**What to produce:** Only the lines below from the one that holds "招牌菜!選用北海道紫海膽、松" through the one that holds "猫のおもちゃ:天然の羽で作っ" should appear in the answer, copied exactly, end lines included and pictures omitted.

**Data listing:**
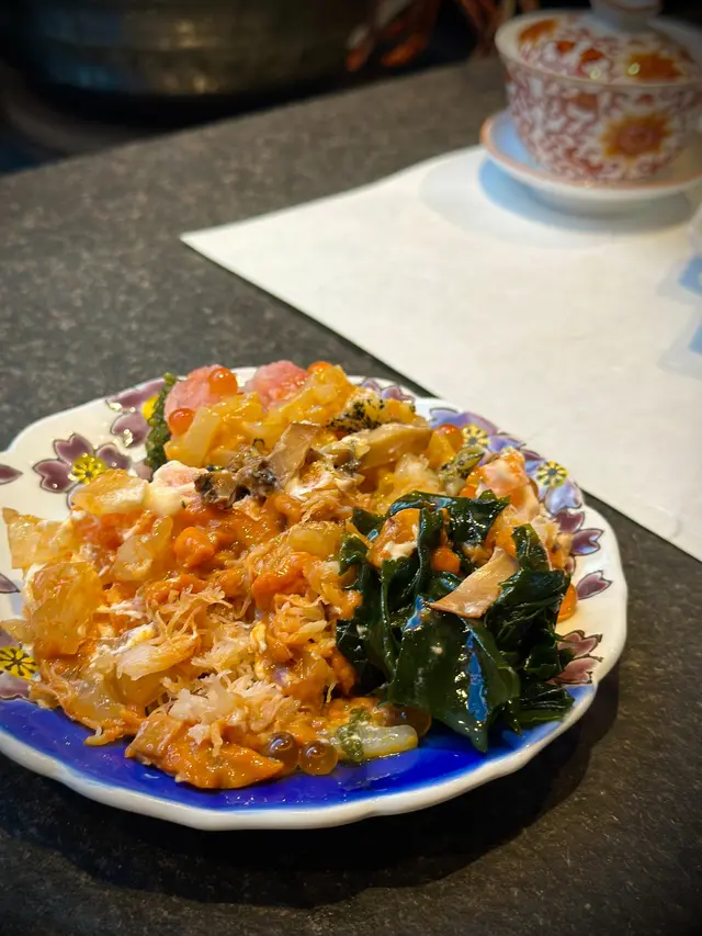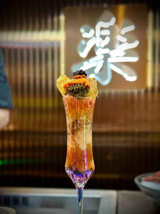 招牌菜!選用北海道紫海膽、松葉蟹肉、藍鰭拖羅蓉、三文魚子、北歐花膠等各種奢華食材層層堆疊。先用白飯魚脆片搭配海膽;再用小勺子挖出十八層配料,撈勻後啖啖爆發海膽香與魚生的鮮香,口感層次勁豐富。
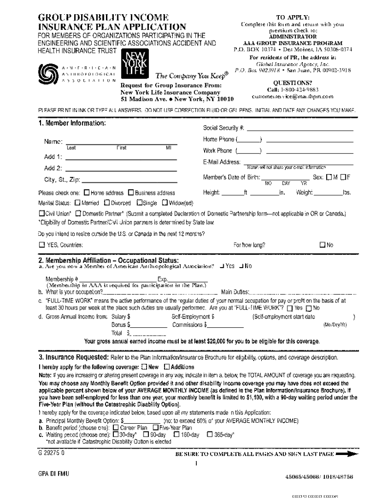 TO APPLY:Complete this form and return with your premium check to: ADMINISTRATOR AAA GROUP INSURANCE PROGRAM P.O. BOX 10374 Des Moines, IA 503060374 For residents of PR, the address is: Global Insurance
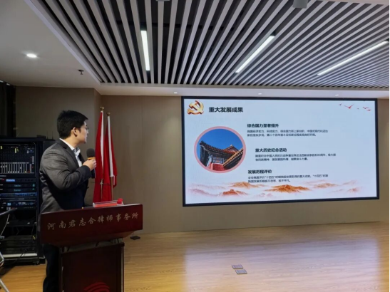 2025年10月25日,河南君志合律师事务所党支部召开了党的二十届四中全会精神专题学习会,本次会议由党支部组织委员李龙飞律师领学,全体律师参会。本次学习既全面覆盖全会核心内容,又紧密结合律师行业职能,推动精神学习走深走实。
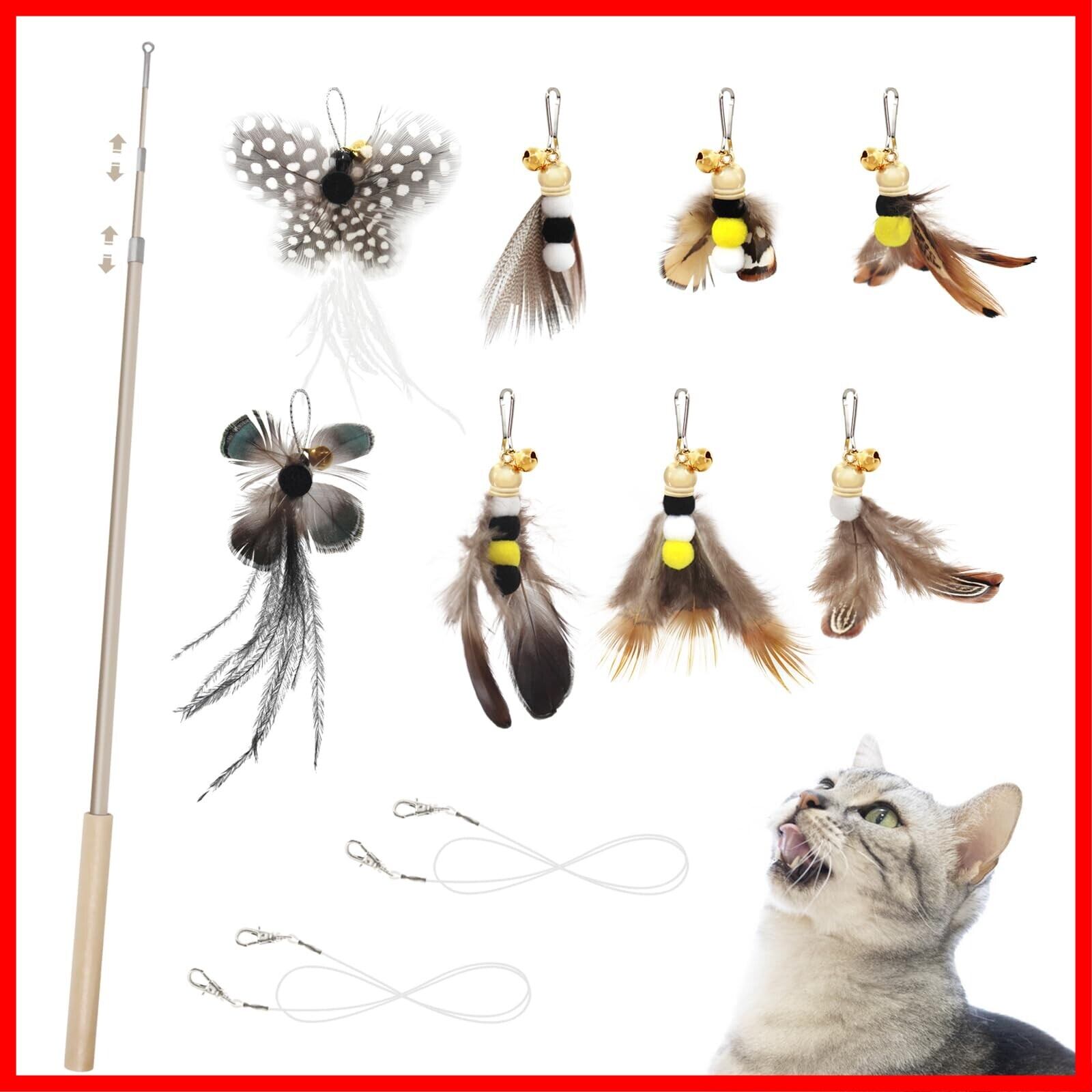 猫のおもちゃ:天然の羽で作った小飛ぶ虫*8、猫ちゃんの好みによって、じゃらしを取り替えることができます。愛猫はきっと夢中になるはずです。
---
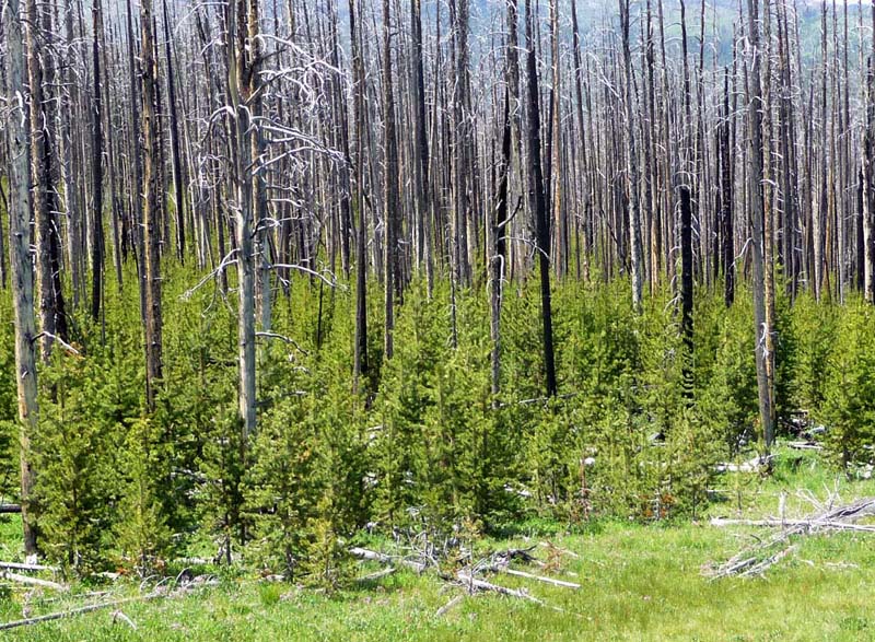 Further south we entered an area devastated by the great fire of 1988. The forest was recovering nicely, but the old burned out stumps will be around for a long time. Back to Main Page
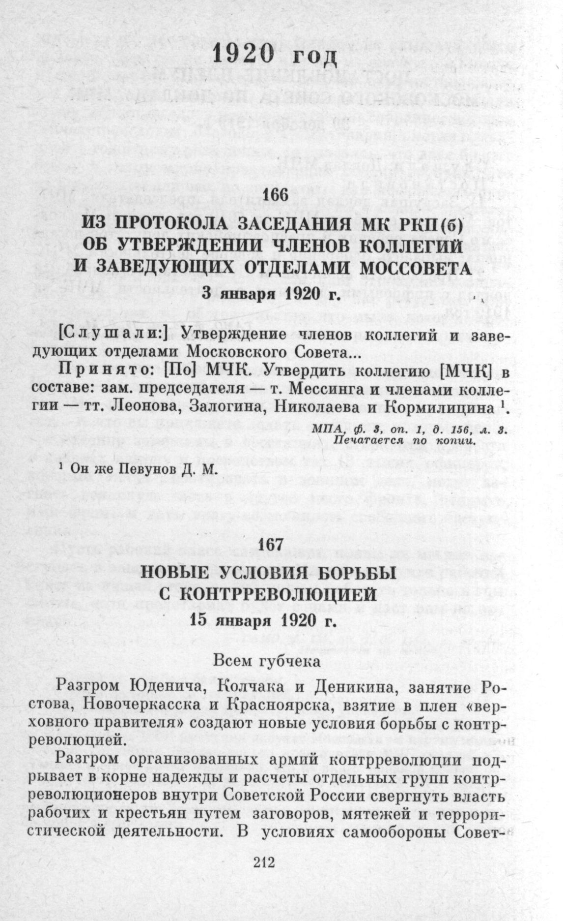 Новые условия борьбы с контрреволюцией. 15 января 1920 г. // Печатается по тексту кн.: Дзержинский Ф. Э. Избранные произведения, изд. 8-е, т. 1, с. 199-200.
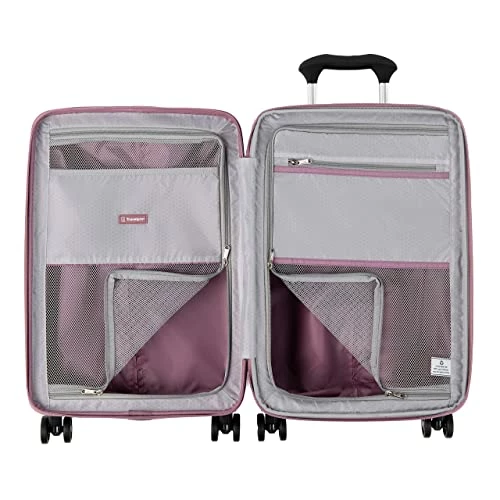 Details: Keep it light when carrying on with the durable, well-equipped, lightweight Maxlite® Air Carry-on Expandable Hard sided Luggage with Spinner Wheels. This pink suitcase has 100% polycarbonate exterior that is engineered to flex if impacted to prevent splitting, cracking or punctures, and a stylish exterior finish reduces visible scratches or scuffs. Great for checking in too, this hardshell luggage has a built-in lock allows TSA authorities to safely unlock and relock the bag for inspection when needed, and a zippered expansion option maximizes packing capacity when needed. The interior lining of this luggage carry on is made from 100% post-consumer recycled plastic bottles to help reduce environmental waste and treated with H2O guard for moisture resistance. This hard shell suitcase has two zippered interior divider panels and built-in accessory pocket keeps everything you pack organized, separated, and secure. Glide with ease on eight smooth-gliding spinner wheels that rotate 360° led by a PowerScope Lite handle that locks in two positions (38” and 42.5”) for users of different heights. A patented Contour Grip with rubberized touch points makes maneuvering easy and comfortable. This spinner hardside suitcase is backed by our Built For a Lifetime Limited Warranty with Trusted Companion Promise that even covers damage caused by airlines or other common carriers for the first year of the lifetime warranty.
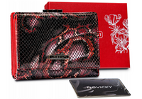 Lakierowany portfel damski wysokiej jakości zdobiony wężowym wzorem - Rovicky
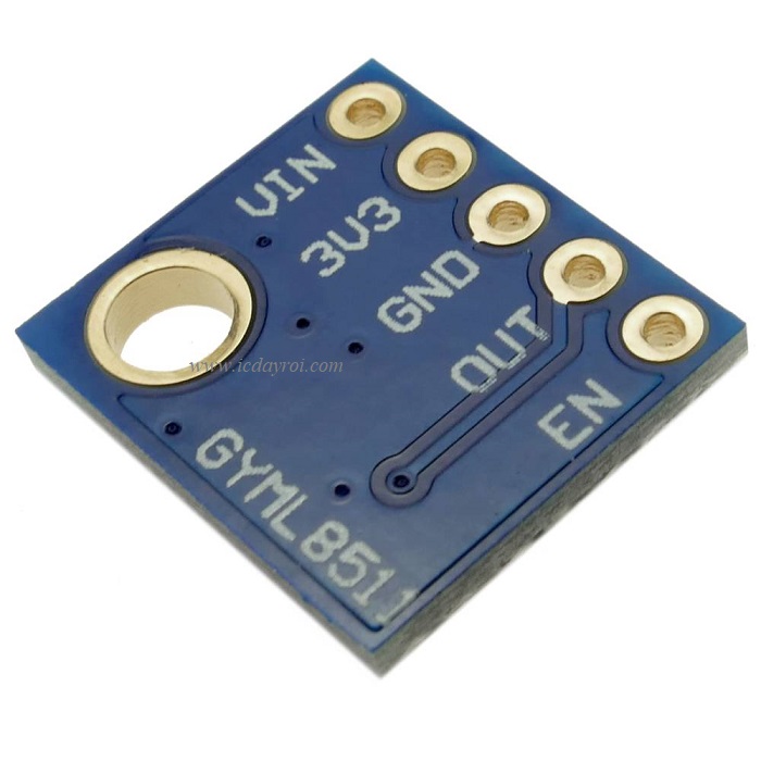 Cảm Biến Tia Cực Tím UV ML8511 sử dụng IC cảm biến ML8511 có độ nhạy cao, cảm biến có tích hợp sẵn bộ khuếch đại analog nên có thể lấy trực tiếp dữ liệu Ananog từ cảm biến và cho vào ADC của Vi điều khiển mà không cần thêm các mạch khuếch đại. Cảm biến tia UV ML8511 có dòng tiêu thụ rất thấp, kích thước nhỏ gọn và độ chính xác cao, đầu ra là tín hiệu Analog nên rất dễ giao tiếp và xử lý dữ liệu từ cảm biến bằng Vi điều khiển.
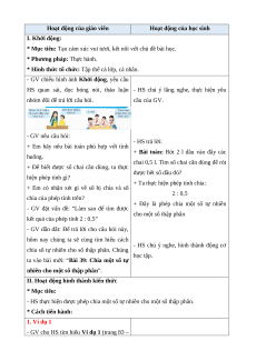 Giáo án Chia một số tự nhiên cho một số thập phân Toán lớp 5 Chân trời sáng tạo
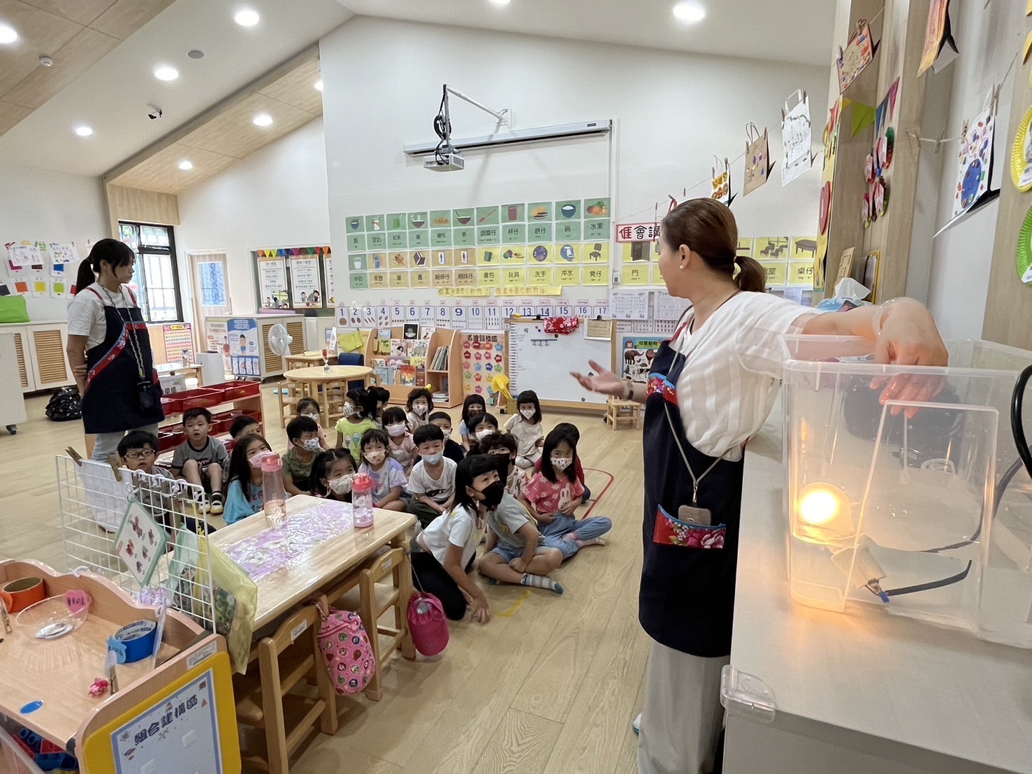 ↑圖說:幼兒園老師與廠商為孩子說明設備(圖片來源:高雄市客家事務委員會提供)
* * *
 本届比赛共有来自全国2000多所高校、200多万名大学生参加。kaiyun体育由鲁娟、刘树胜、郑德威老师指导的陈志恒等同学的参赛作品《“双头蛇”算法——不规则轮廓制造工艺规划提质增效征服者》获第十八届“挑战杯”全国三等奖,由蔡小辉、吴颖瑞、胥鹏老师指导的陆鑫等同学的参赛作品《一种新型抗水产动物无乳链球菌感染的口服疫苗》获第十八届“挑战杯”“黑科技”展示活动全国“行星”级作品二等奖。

**Task answer:**
 招牌菜!選用北海道紫海膽、松葉蟹肉、藍鰭拖羅蓉、三文魚子、北歐花膠等各種奢華食材層層堆疊。先用白飯魚脆片搭配海膽;再用小勺子挖出十八層配料,撈勻後啖啖爆發海膽香與魚生的鮮香,口感層次勁豐富。
 TO APPLY:Complete this form and return with your premium check to: ADMINISTRATOR AAA GROUP INSURANCE PROGRAM P.O. BOX 10374 Des Moines, IA 503060374 For residents of PR, the address is: Global Insurance
 2025年10月25日,河南君志合律师事务所党支部召开了党的二十届四中全会精神专题学习会,本次会议由党支部组织委员李龙飞律师领学,全体律师参会。本次学习既全面覆盖全会核心内容,又紧密结合律师行业职能,推动精神学习走深走实。
 猫のおもちゃ:天然の羽で作った小飛ぶ虫*8、猫ちゃんの好みによって、じゃらしを取り替えることができます。愛猫はきっと夢中になるはずです。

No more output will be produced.